Start of Given data

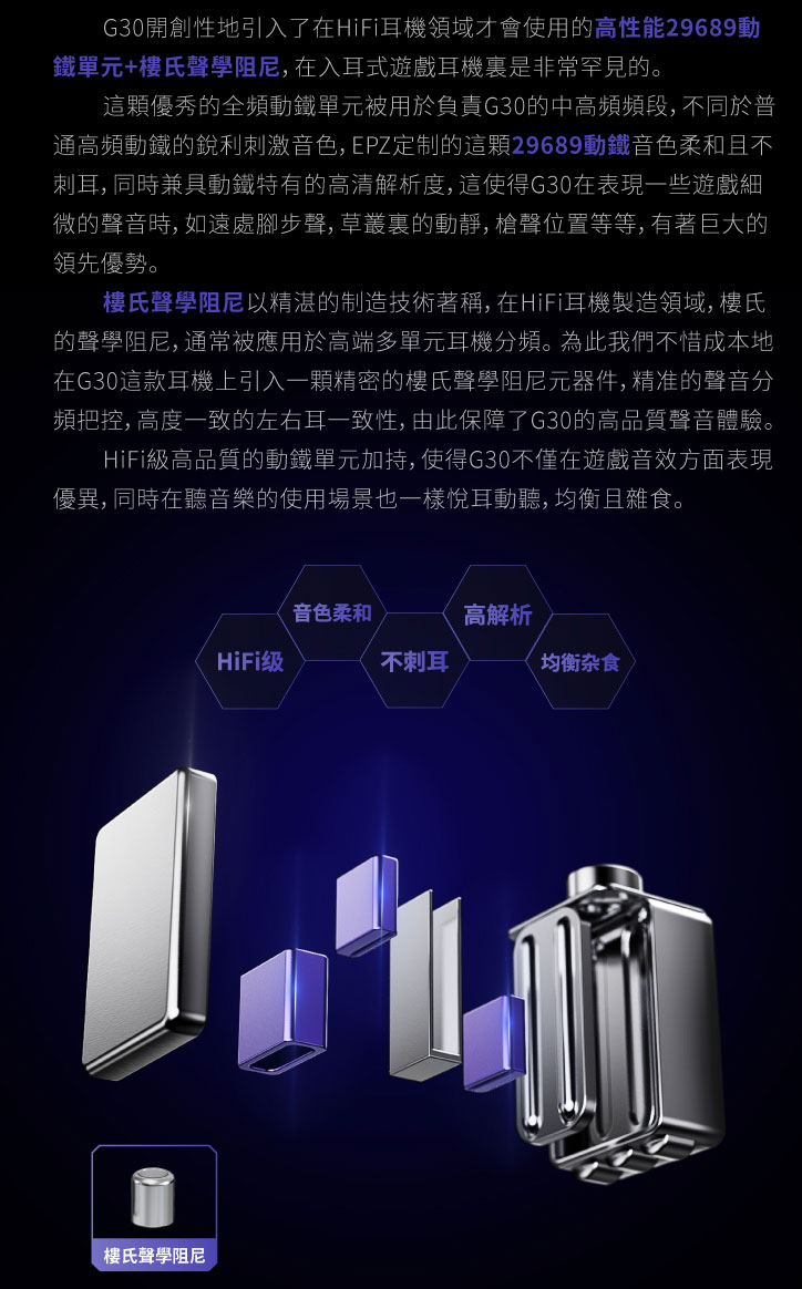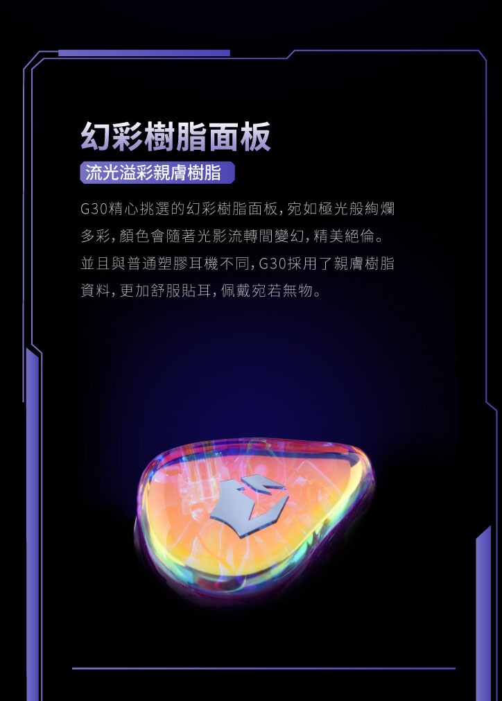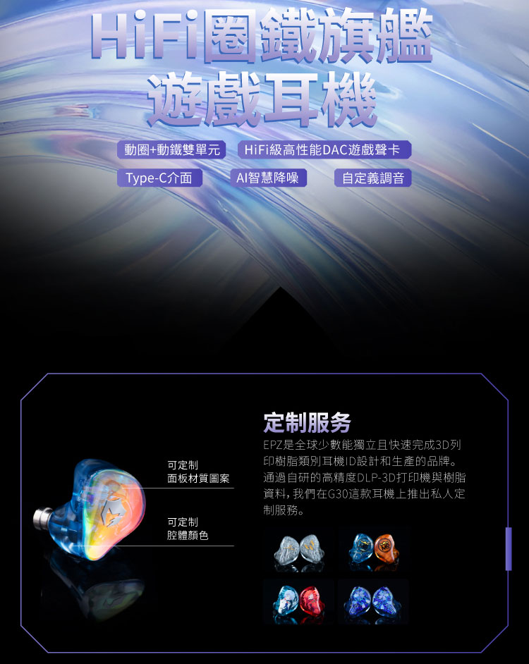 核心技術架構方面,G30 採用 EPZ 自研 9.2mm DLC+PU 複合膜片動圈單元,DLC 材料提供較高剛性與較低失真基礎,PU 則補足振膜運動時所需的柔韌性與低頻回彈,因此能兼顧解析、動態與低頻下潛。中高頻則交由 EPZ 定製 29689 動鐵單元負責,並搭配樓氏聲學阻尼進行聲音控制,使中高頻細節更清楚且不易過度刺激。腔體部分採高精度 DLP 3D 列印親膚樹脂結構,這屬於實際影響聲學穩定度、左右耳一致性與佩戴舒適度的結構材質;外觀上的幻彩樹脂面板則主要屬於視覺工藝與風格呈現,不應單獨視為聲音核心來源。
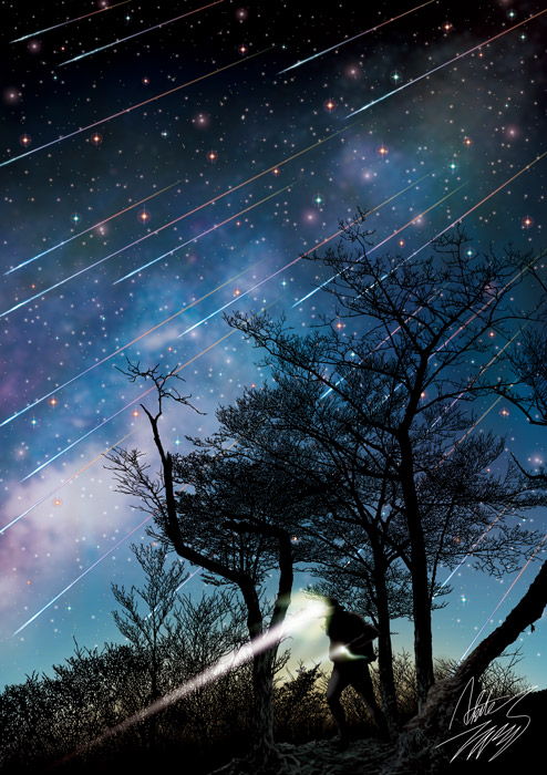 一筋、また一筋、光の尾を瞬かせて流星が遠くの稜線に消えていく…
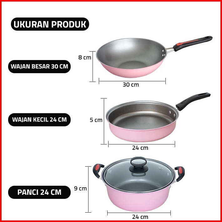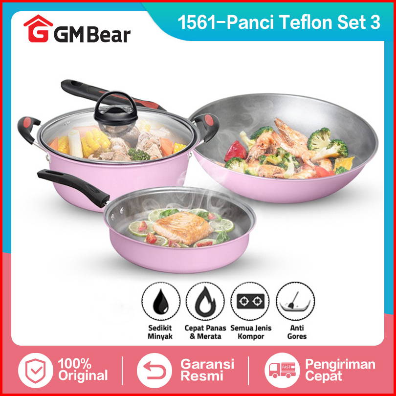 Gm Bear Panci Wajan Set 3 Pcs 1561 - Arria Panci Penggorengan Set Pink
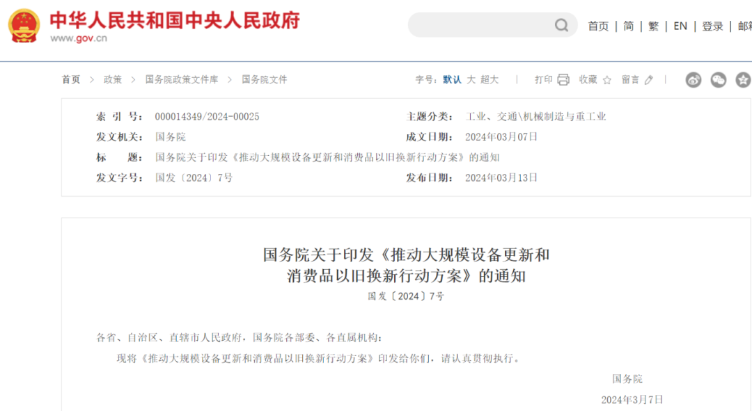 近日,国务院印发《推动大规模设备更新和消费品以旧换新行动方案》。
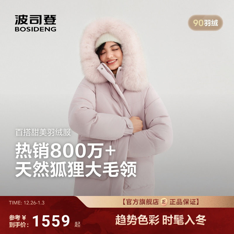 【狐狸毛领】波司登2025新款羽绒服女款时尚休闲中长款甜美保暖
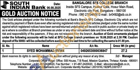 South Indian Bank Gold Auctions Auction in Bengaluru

End of Given data
Start of Given data

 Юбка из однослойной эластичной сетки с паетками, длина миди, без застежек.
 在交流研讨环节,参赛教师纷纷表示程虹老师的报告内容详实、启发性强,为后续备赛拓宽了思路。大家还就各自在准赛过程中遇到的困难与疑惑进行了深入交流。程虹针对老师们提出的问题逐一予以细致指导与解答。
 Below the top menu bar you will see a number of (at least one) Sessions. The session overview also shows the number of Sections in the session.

End of Given data
Start of Given data

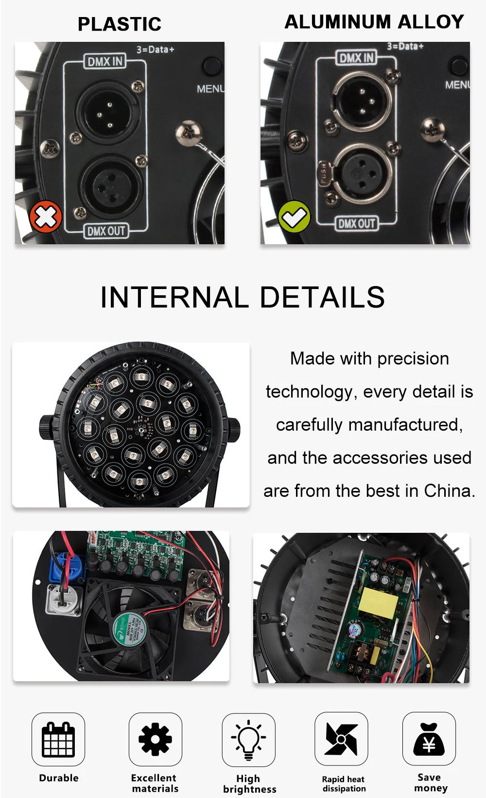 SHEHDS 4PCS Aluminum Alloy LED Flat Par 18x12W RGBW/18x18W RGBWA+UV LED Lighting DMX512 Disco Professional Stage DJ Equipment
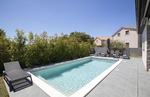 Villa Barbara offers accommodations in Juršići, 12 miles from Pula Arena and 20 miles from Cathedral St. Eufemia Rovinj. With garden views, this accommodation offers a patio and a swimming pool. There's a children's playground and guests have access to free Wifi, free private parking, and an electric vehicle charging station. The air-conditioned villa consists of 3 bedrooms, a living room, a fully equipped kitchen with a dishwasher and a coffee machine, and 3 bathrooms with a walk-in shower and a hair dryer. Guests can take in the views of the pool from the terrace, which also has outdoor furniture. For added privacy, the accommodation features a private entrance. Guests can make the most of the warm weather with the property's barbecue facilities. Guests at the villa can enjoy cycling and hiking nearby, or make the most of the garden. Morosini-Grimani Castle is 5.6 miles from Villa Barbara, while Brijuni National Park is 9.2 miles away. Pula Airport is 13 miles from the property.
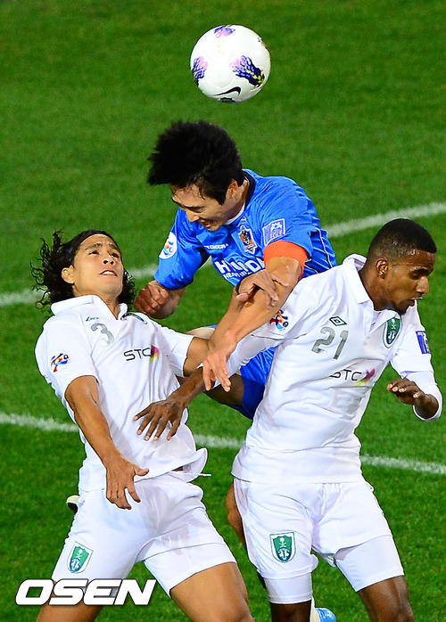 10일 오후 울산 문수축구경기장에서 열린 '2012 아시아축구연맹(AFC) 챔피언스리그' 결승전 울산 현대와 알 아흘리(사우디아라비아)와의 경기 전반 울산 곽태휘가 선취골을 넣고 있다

End of Given data

Every line from the one with "核心技術架構方面,G30 採用 EPZ" through the one with "一筋、また一筋、光の尾を瞬かせて流星が遠くの稜線に消えていく…" is to be reproduced exactly as written above, and the pictures are to be dropped.

 核心技術架構方面,G30 採用 EPZ 自研 9.2mm DLC+PU 複合膜片動圈單元,DLC 材料提供較高剛性與較低失真基礎,PU 則補足振膜運動時所需的柔韌性與低頻回彈,因此能兼顧解析、動態與低頻下潛。中高頻則交由 EPZ 定製 29689 動鐵單元負責,並搭配樓氏聲學阻尼進行聲音控制,使中高頻細節更清楚且不易過度刺激。腔體部分採高精度 DLP 3D 列印親膚樹脂結構,這屬於實際影響聲學穩定度、左右耳一致性與佩戴舒適度的結構材質;外觀上的幻彩樹脂面板則主要屬於視覺工藝與風格呈現,不應單獨視為聲音核心來源。
 一筋、また一筋、光の尾を瞬かせて流星が遠くの稜線に消えていく…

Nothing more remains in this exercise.